- Keçe Ätnä Location within Tatarstan
- Country: Russia
- Region: Tatarstan
- District: Ätnä District
- Time zone: UTC+3:00

= Keçe Ätnä =

Keçe Ätnä (Кече Әтнә, Малая Атня) is a rural locality (a derevnya) in Ätnä District, Tatarstan. The population was 256 as of 2010.

== Geography ==
Keçe Ätnä is located 2 km south of Olı Ätnä, district's administrative centre, and 69 km north of Qazan, republic's capital, by road.
== History ==
The village already existed during the period of the Khanate of Qazan.Its name derives from the word keçe (little, small) and the oecnonym Ätnä.

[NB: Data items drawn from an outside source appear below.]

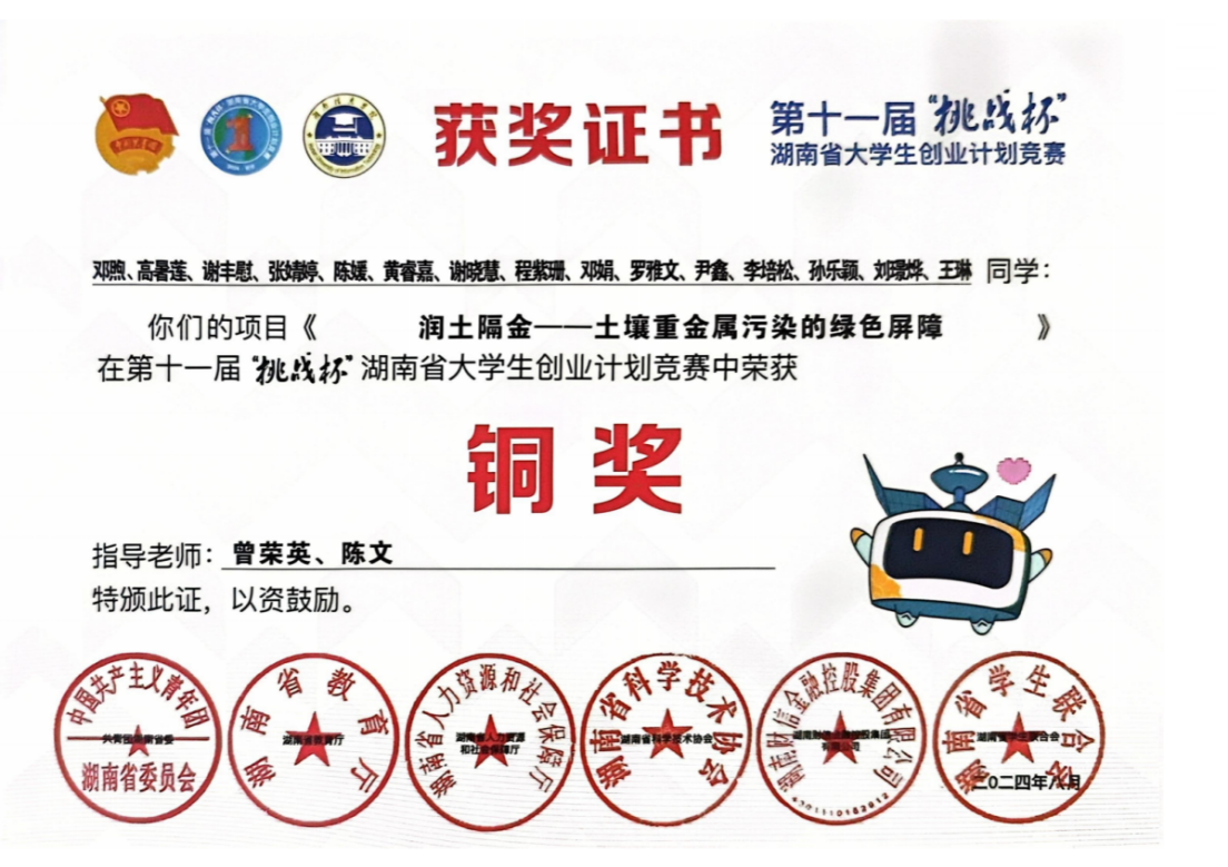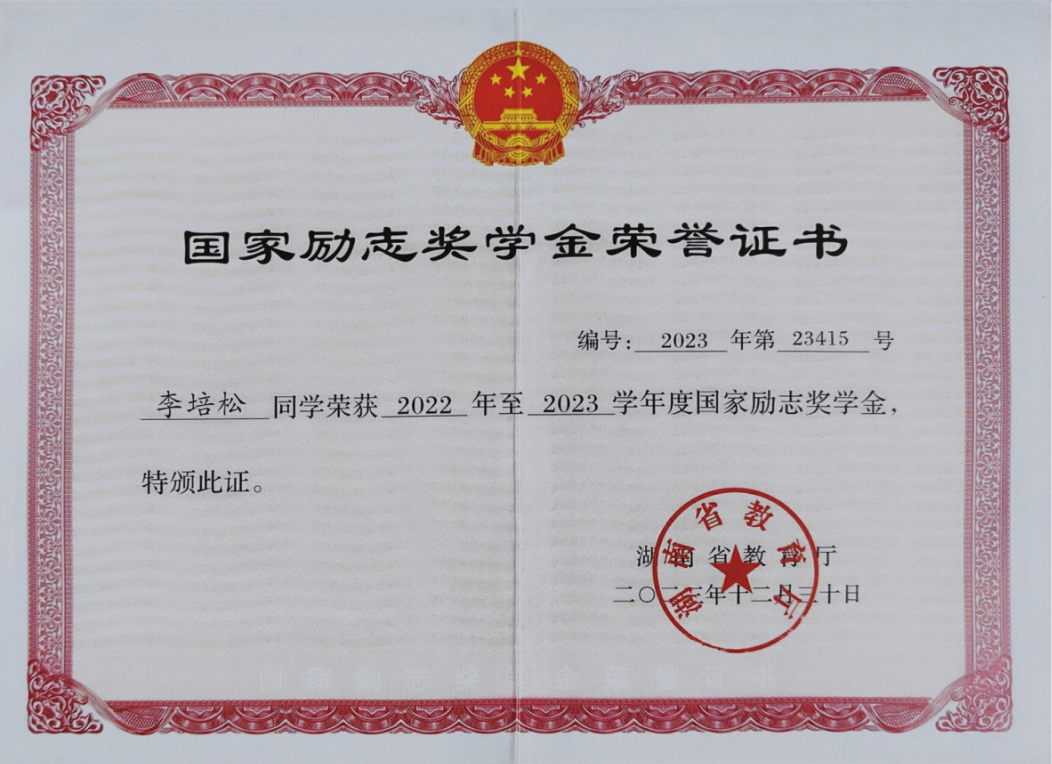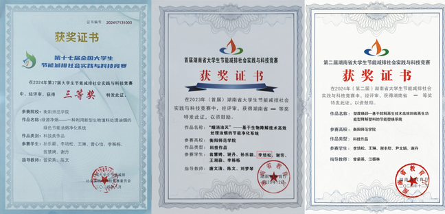 李培松将科创探索作为大学核心主线,入学之初便主动加入实验室,在学习与实践中系统掌握科研方法,并以第二作者身份在SCI二区期刊发表论文。除此之外,作为核心发明人之一,其实用新型专利《一种新型便携式识色机》获国家知识产权局受理。同时,他担当团队重任,负责实验室管理,带领团队斩获第17届老员工节能减排社会实践与科技竞赛国家级三等奖、首届及第二届湖南省老员工节能减排社会实践与科技竞赛省级一等奖等荣誉,累计获十余项国家级、省级奖项与课题项目,在科创钻研、赛场攻关与团队协作中全面奋进。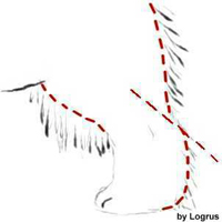 Genom att klippa bort överdriven pälsväxt visar man hundens bakbensvinklar. Newfoundlandshundar skall ha korta hasor, trimma därför pälsen från hasen och neråt i 45 graders vinkel, och den nedre delen vertikalt mot marken (se bild nedan).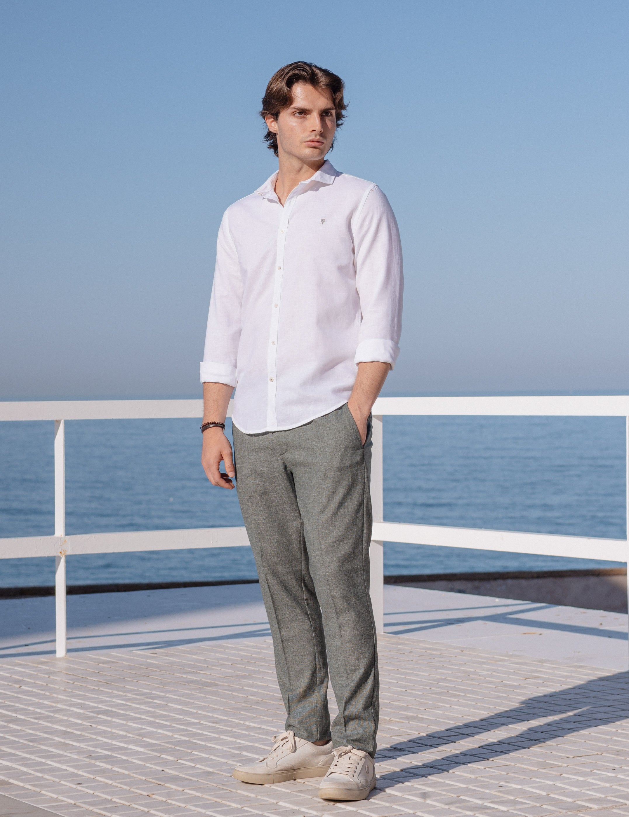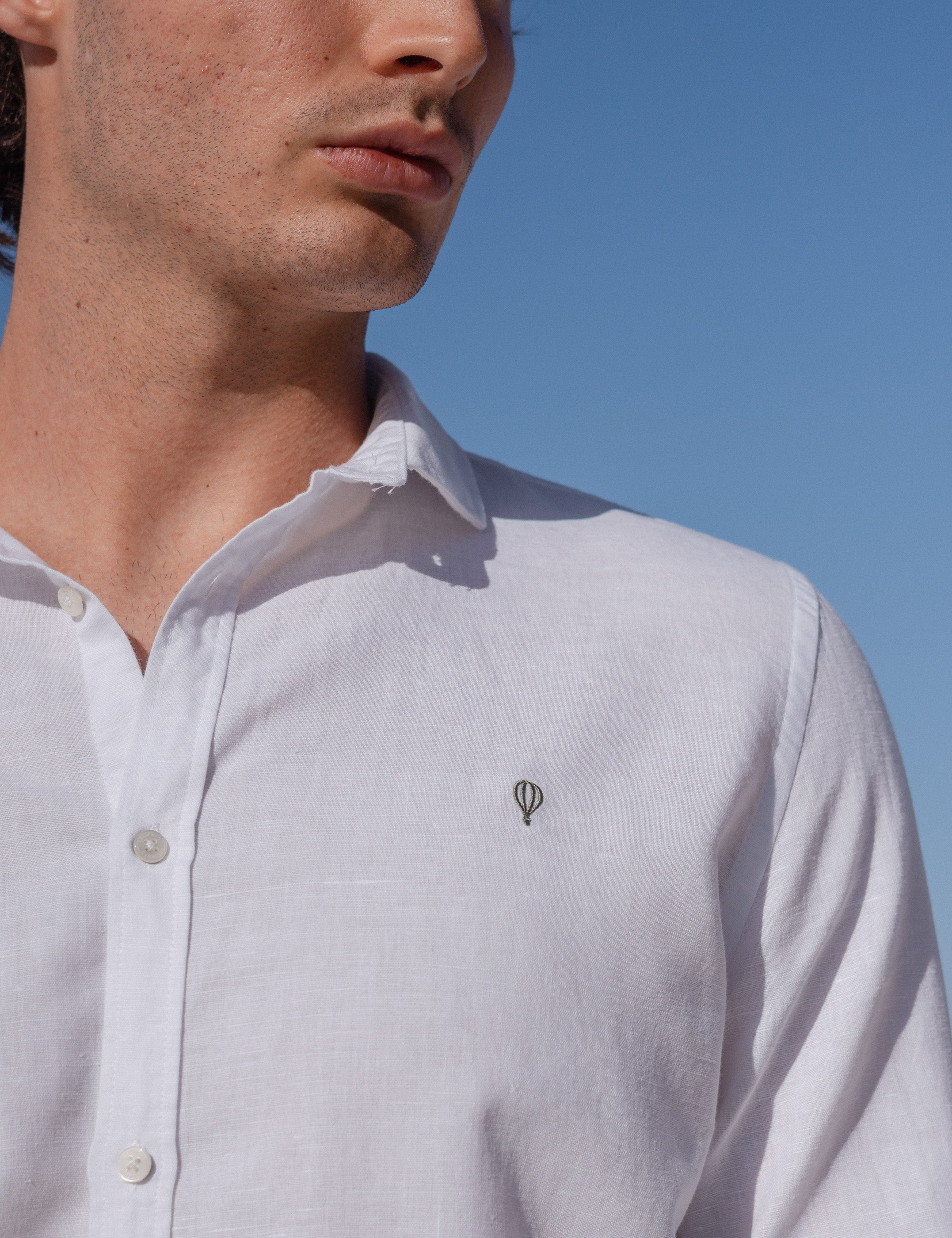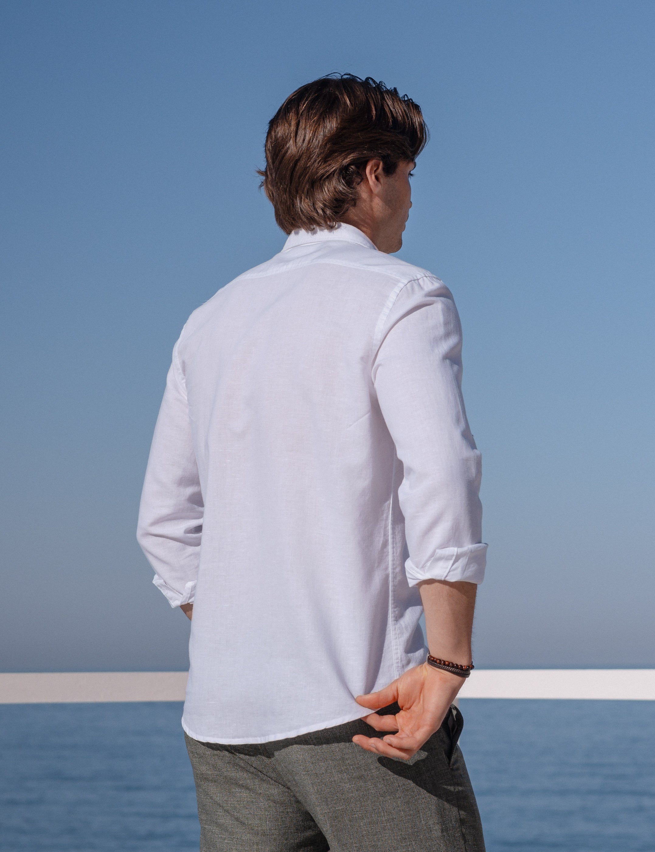Camisa lisa de color blanca para hombre confeccionada en 55% Lino 45% algodón. Cuello sin botón, mangas largas, puños simples y logo bordado a contraste en la parte frontal a la altura del pecho. Corte regular fit.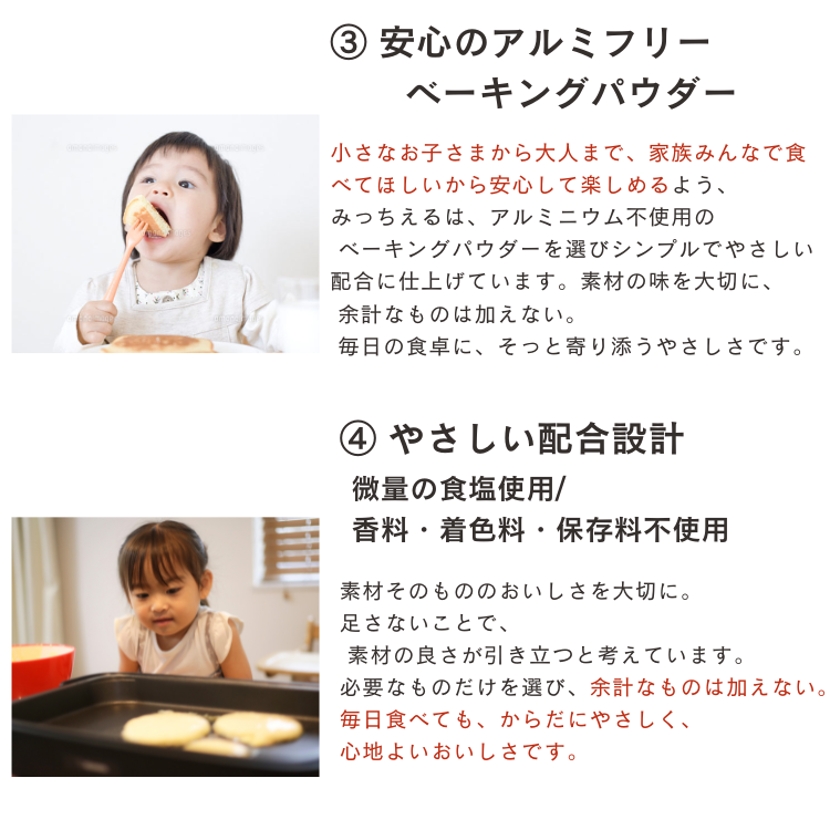 ふわふわ食感のパンケーキミックス。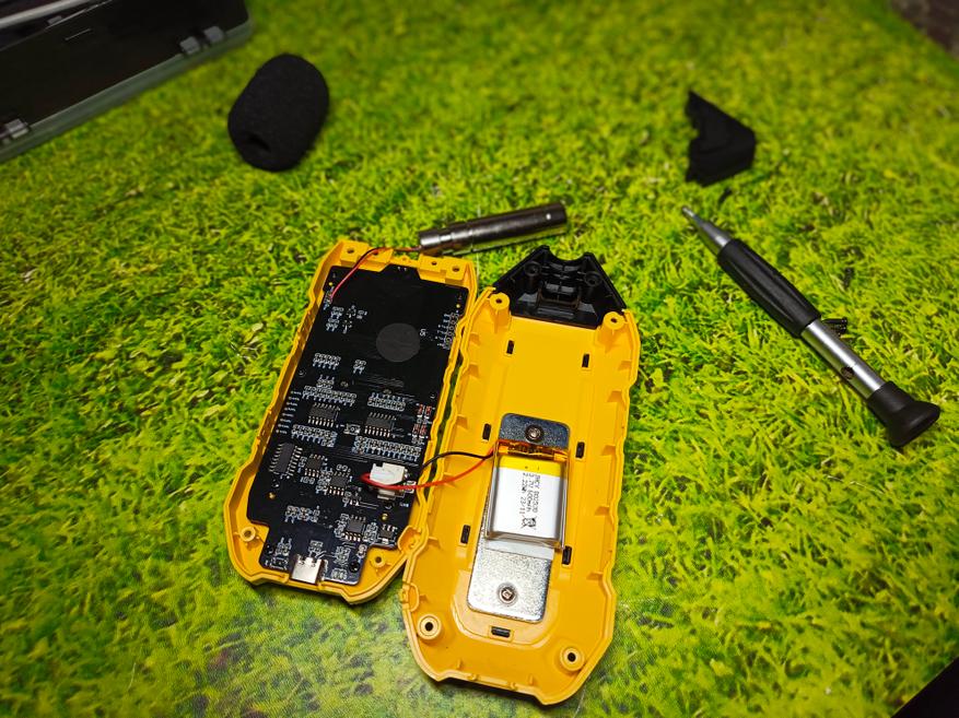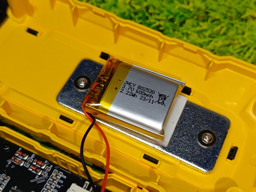 Корпус прибора состоит из двух половин, которые стянуты винтами под крестообразную отвертку. Открыв его, в первую очередь обращаем внимание на тот факт, что внутри полно свободного места и корпус можно было сделать немного поменьше. В целом это не минус, так как для кого будет мало аккумулятора с емкостью 600 мАч, то можно будет самостоятельно заменить на более емкий АКБ.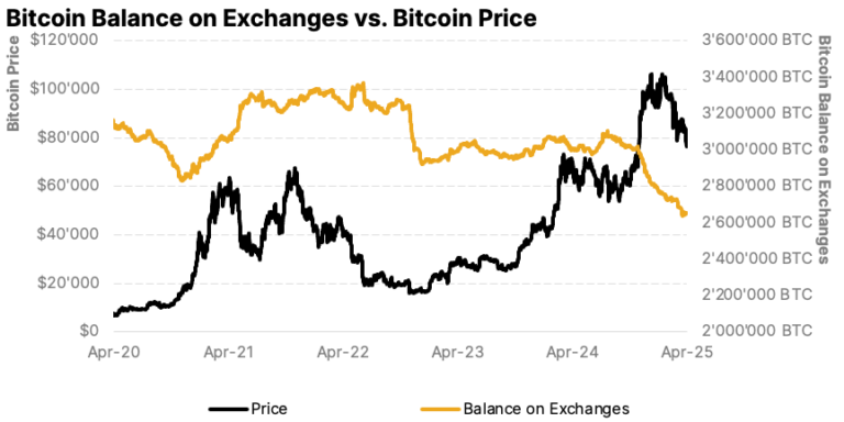รายงานล่าสุดเผยให้เห็นว่า ปริมาณ Bitcoin ที่ถูกเก็บไว้บนเว็บเทรดแบบรวมศูนย์ (centralized exchanges) ได้ร่วงลดลงแตะระดับต่ำที่สุดในรอบ 5 ปี สะท้อนให้เห็นถึงพฤติกรรมของนักลงทุนที่เปลี่ยนไป โดยนักลงทุนจำนวนมากตัดสินใจเลือกที่จะย้ายเหรียญไปเก็บไว้ในกระเป๋าเงินส่วนตัวหรืออุปกรณ์จัดเก็บ (cold storage) เพื่อความปลอดภัยที่มากขึ้น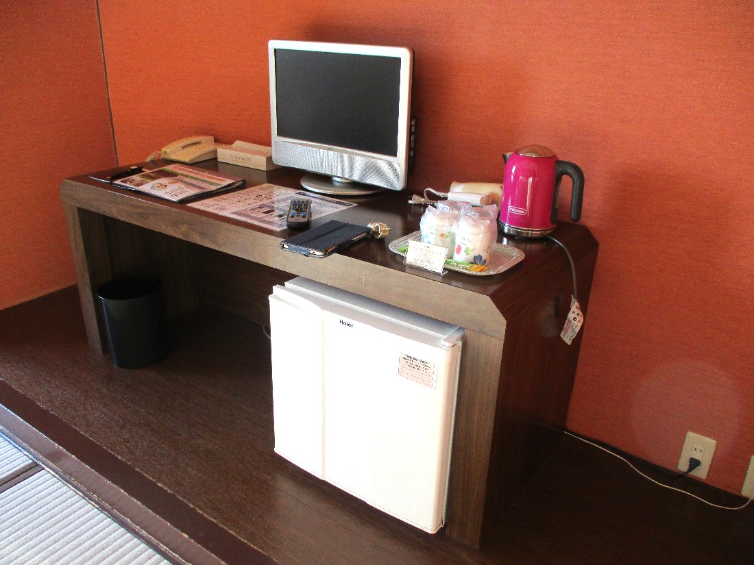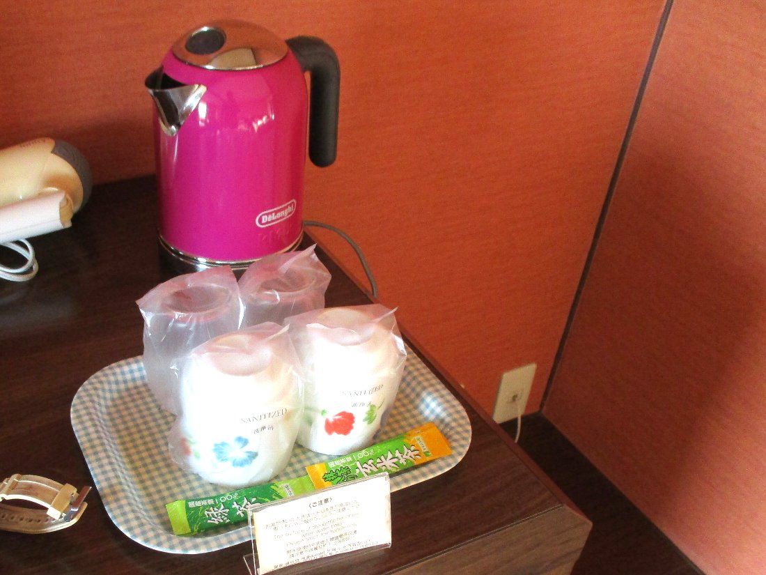 例によって湯沸かしポットと「粉末茶」が用意されていましたがここでも二人で4杯分しか用意されていません・・・普段自宅では4〜5杯お茶を飲む私には当然足りませんね(-_-;)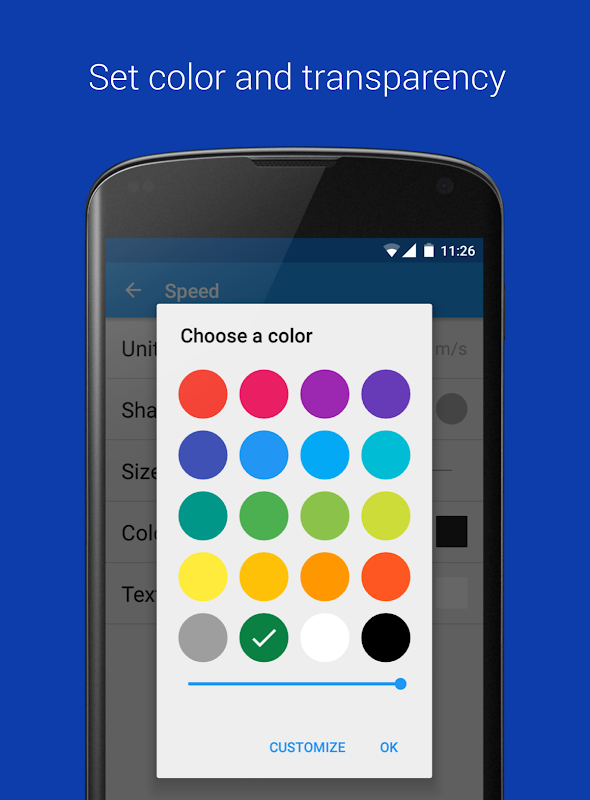 NavMeter features a HUD also that you can activate from menu. Open it and place your device under the windshield: speed, time, altitude and compass will be reflected in it (it works when it’s dark).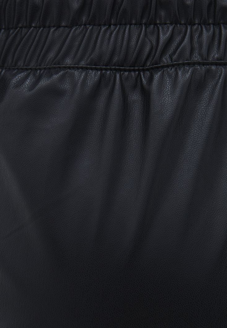 Vegan deri doku, bedene yakın jogger fit, beli ve paçası lastikli, ön kısmı iki cepli, beli bağcık detaylı, ön beden boyunca dikiş detaylı.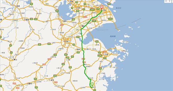 方案二:沈海高速公路、常台高速公路、沪昆高速公路,用时3小时57分钟,共336公里。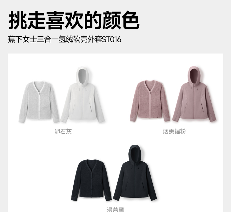 【蕉下精选】蕉下女士三合一氢绒软壳外套ST01625+ST01725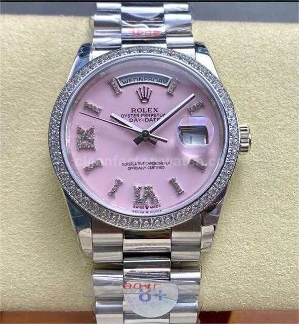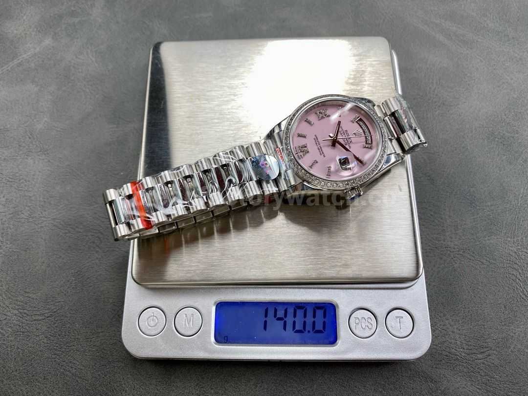 8+ Factory Counterweight Rolex Day-Date 128349RBR-0008 36mm Diamond Bezel Full 904L Roman Number Pink Dial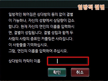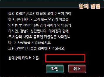 3. 결별할 상대방의 캐릭터를 입력한 후 확인 버튼을 클릭합니다.

From 18th to the first half of the 19th centuries village's residents belonged to the social estate of state peasants.

By the beginning of the twentieth century, village had a mosque, 3 windmills and 2 small shops.

Before the creation of the Tatar ASSR in 1920 was a part of Çar Uyezd of Qazan Governorate. Since 1920 was a part of Arça Canton; after the creation of districts in Tatar ASSR (Tatarstan) in Tuqay (later Ätnä) (1930–1959), Tuqay (former Qızıl Yul) (1959–1963), Arça (1963–1990) and Ätnä districts.